Line plots help you see how values change over time or order. They connect points with lines to show trends clearly.

You want to show how sales change each month.
You want to track temperature changes during a day.
You want to compare growth of two plants over weeks.
You want to visualize stock prices over days.
Syntax
R Programming
ggplot(data, aes(x = x_variable, y = y_variable)) +
  geom_line()

data is your dataset.

aes() sets which columns go on x and y axes.

Examples
Basic line plot with time on x-axis and value on y-axis.
R Programming
ggplot(df, aes(x = time, y = value)) +
  geom_line()
Line plot with different colors for each city.
R Programming
ggplot(df, aes(x = day, y = temperature, color = city)) +
  geom_line()
Line plot with thicker dashed lines.
R Programming
ggplot(df, aes(x = date, y = sales)) +
  geom_line(size = 2, linetype = "dashed")
Sample Program

This program makes a simple line plot showing sales over 6 months.
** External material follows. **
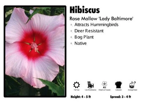 Valued for its late summer display, ‘Lady Baltimore’ produces 5-6 inch wide, pink blooms with satiny, red centers and ruffled petals.

The line connects sales points month by month.

R Programming
library(ggplot2)

# Create example data
sales_data <- data.frame(
  month = 1:6,
  sales = c(100, 120, 150, 130, 170, 200)
)

# Make line plot
plot <- ggplot(sales_data, aes(x = month, y = sales)) +
  geom_line() +
  labs(title = "Monthly Sales", x = "Month", y = "Sales")

print(plot)
OutputSuccess
Important Notes

Make sure your x-axis data is ordered correctly for the line to make sense.

You can add colors or styles to lines to compare groups.

Use geom_point() with geom_line() to show points on the line.

Summary

Line plots connect points to show trends over time or order.

Use geom_line() inside ggplot() to create line plots.

Customize lines with colors, sizes, and types to make your plot clearer.